SCOP is used here as an example to show the features of structure-based families. SCOP can be accessed through its home server in the UK (http://scop.mrc-lmb.cam.ac.uk/scop/). SCOP describes the hierarchical relationship among proteins through the major levels of (homologous) family, superfamily, and fold. Proteins are clustered together into a (homologous) family if they have significant sequence similarity. Different families that have low sequence similarity but whose structural and functional features suggest a common evolutionary origin are placed together in a superfamily. Different superfamilies are categorized into a fold if they have the same major secondary structures in the same arrangement and with the same topological connections (the peripheral elements of secondary structure and turn regions may differ in size and conformation). Two superfamilies in the same fold may not have a common evolutionary origin. Their structural similarities may arise from the physics and chemistry of proteins favoring certain packing arrangements and chain topologies (Murzin et al., 1995). Figure 19.4.3 shows the SCOP interface using an example of protein 1gox in the PDB.
Databases for Function-Based Protein Families
There are various protein functional families classified from different perspectives. The ENZYME data bank (Bairoch, 1993) contains the following data for each enzyme: EC number, recommended name, alternative names, catalytic activity, cofactors, pointers to the UniProt entry, and pointers to any disease associated with a deficiency of the enzyme. BRENDA (Scheer et al., 2011) collects extensive enzyme functional data. Catalytic Site Atlas (Porter et al., 2004) is a database of three-dimensional enzyme active sites derived from PDB structures. Various gene ontologies, such as Gene Ontology (GO; The Gene Ontology Consortium, 2000) and KEGG, also organize proteins into functional categories. Annotation and analysis by these ontologies for a given list of genes can be carried out using tools and databases such as DAVID (Database for Annotation, Visualization and Integrated Discovery; Huang et al., 2009). In addition, there are a growing number of databases dedicated to special types of proteins, such as G-protein-coupled receptors, transporters, and protein kinases, as shown in Table 19.4.1.
OTHER DATABASES
Protein Modification Databases
There are a number of databases for protein post-translational modifications. O-GlycBase (Gupta et al., 1999) collected, experimentally verified O- or C-glycosylation sites. Plant Protein Phosphorylation Database (P3DB; Gao et al., 2009) condenses phosphoproteomics information (including experimental phosphorylation sites) from various plants. Compendium of protein lysine acetylation (CPLA; Liu et al., 2010) includes manually curated lysine acetylated substrates with their sites.

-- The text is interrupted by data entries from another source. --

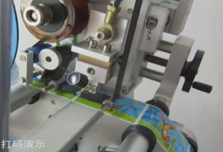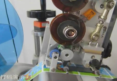 對產品一邊進行貼標,一邊進行打印文字。已經是一個很容易就能實現的功能了。實現這個即時打印功能的東東,叫打碼機。一般的標準貼標設備上都是可以進行選配這個打碼機的。也就是說,幾乎所有的標準設備都可以進行即時打印功能。我公司有一款典型的即時打印貼標設備:全自動臥式圓瓶貼標機。
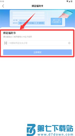 2、如需绑定福利卡,请在绑定页面填写卡密后点击立即绑定。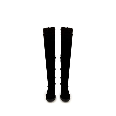 Join the squad at Miss Diva and get these ladies chunky cleated sole knee boot in your wardrobe. Make sure your outfits are on-point in these black microfibre. Featuring a killer chunky sole and a rubber high heel, you can style these with just about anything!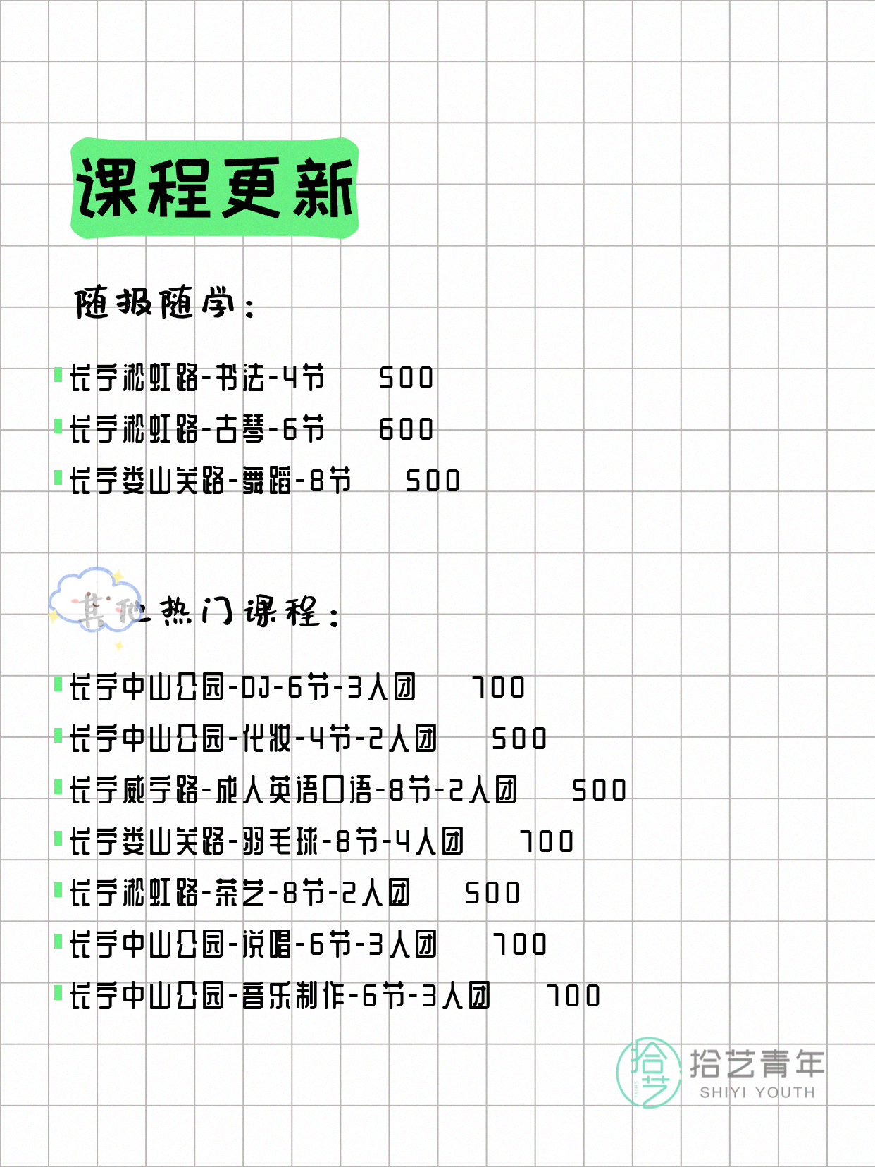 💡 提示:以上课程信息来自拾艺青年小程序,课程可能随报名动态变化,具体以小程序实时信息为准。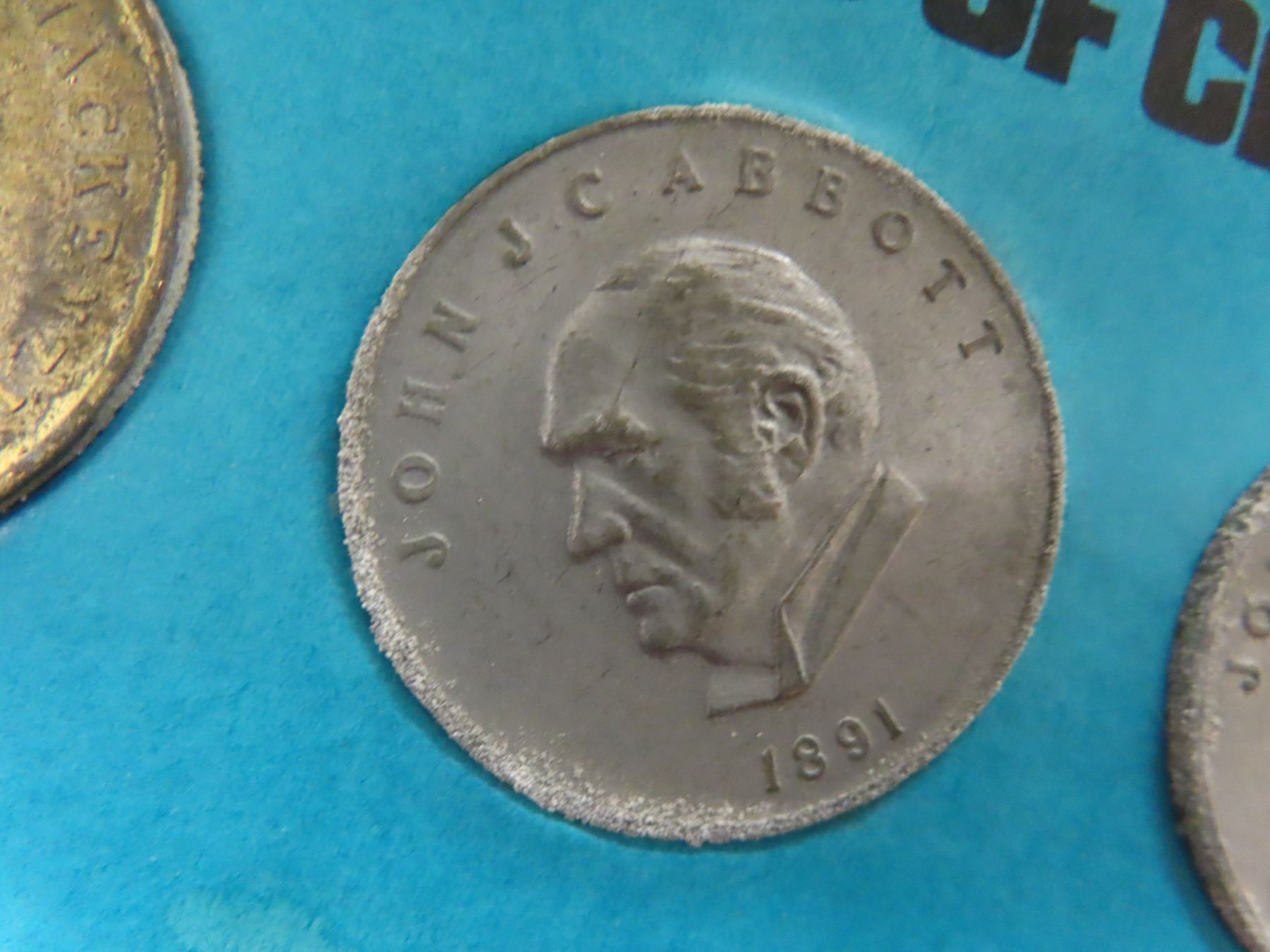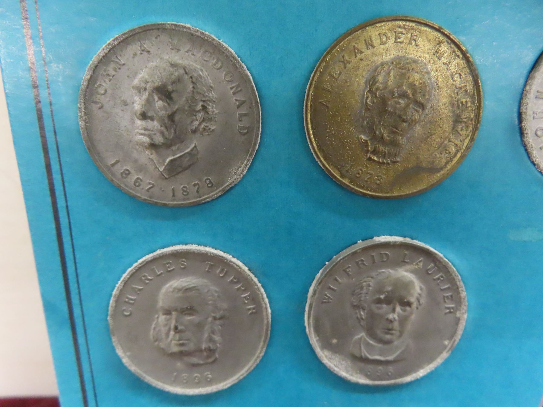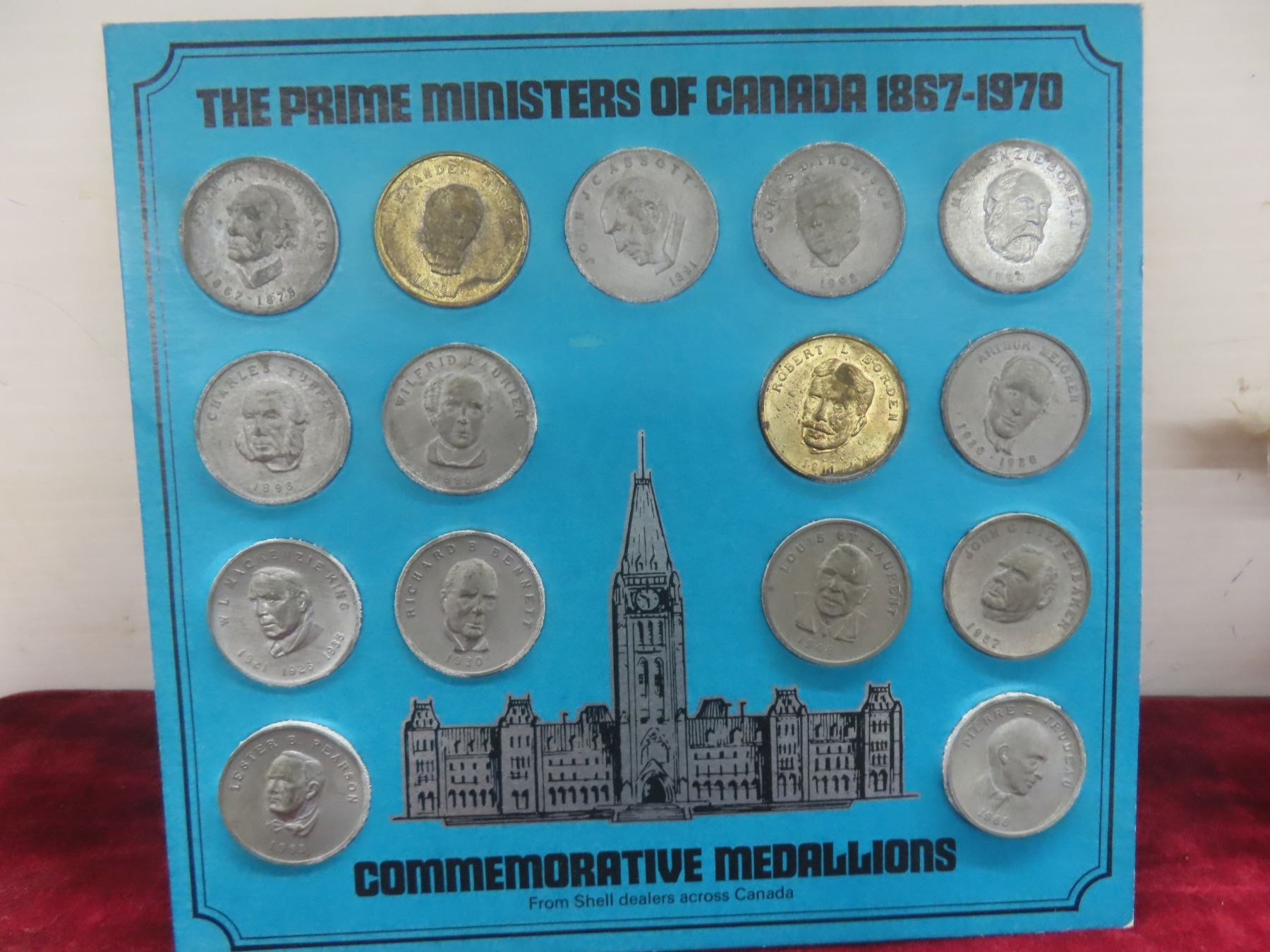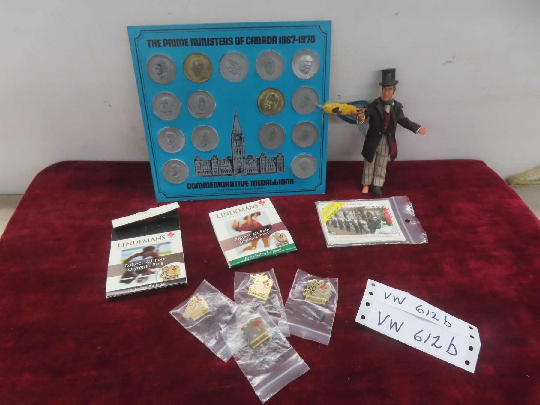 Commemorative Medallions — Prime Ministers Of Canada 1867–1970; 6x 2002 Olympic Pins.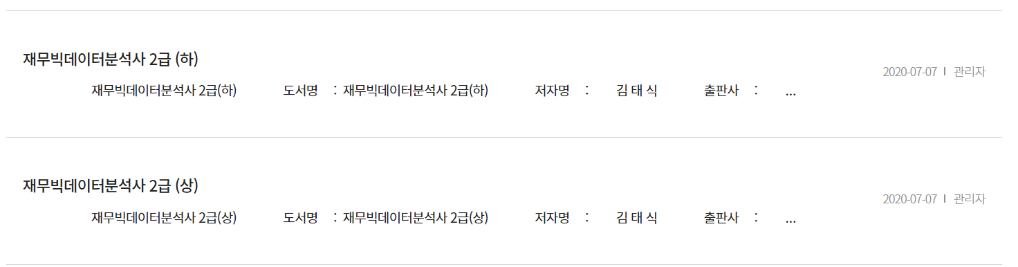 | 재무빅데이터분석사(FDA 2급) - 데이터베이스 시스템 개요 PART1 #1 (1) | 2022.12.02 |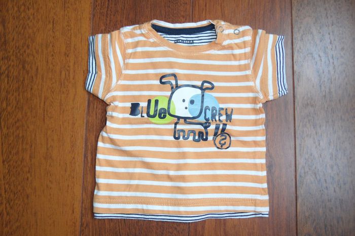 t-shirt fantaisie coton, manches courtes, marque orchestra, taille 6 mois (67-68 cm) très bon état maison non fumeur, sans animaux remise en mains propres secteur lille (chr)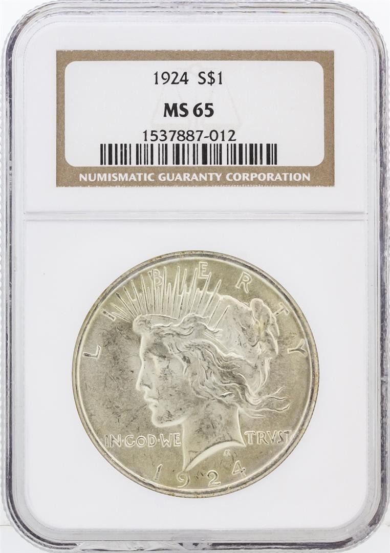 One 1924 NGC MS65 Peace Silver Dollar. NGC Certified.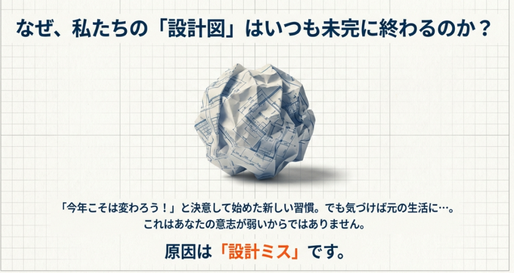 去年の1月1日に立てた目標。「来月から本気出す」と先延ばしにした計画。「次こそは」と誓った習慣。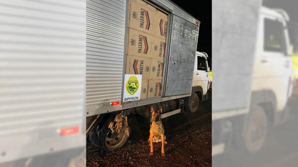 Nesta segunda-feira (19), no âmbito da Operação Protetor, policiais militares do pelotão de Operações com cães do BPFRON-Batalhão de Polícia de Fronteira, em ação integrada com policiais militares do 19°BPM, durante patrulhamento em Nova Santa Rosa, deram voz de abordagem a um caminhão que trafegava em alta velocidade.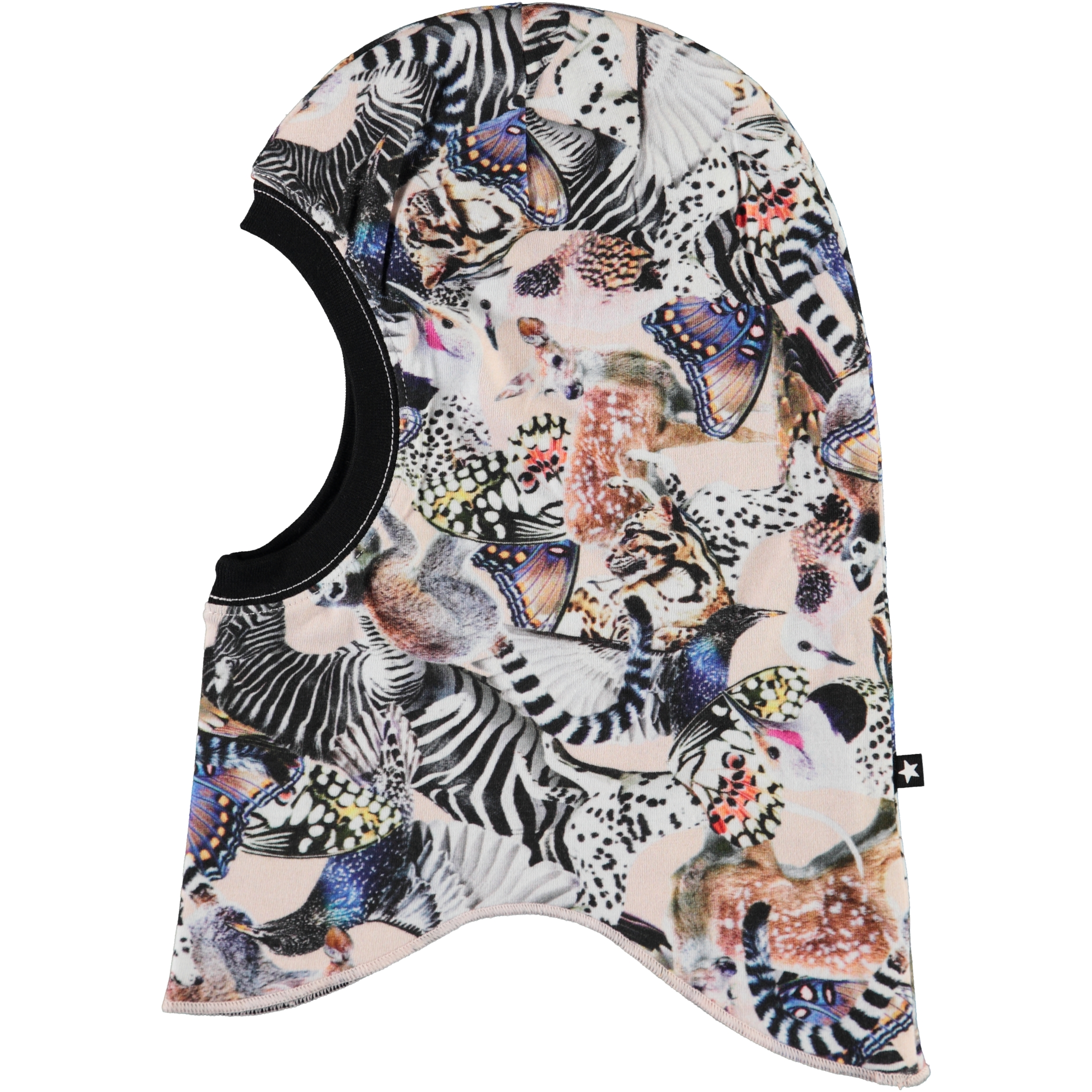 Elefanthue med print af forskellige dyr, som sammen danner et flot mønster.

Protein Localization Databases
A number of databases are available to describe protein subcellular localization and targeting. These databases are for various species, such as eSLDB (eukaryotic Subcellular Localization database) for general eukaryotes (Pierleoni et al., 2007), LOCATE for human and minor (Sprenger et al., 2008), SUBA for Arabidopsis (Heazlewood et al., 2007), and PSORTdb for bacteria and archaea (Yu et al., 2011). Some databases focus on special organelles, such as Organelle DB (Wiwatwattana and Kumar, 2005) and Centrosome:db (Nogales-Cadenas et al., 2009).
Protein Binding Databases
Protein binding includes protein-substrate docking and protein-protein association. ReLiBase (Hendlich, 1998) is a database system for analyzing receptor-ligand complexes in the PDB. BindingDB (Liu et al., 2007) describe many interactions between drug-target proteins and small, drug-like molecules. As protein-protein interactions are measured in large scales, there are many protein interaction databases. An early one is Database of Interacting Proteins (DIP; Xenarios et al., 2000). Some later databases are more comprehensive. For example, Biological General Repository for Interaction Datasets (BioGRID; Stark et al., 2011) includes protein–protein and genetic interactions for all major model organism species; STRING (Search Tool for the Retrieval of Interacting Genes/Proteins; Jensen et al., 2009) covers known and predicted protein interactions for many species, as well as direct (physical) and indirect (functional) associations. Furthermore, some protein interaction databases are based on protein structures, such as 3D Complex (Levy et al., 2006), DOMMINO (http://dommino.org), etc.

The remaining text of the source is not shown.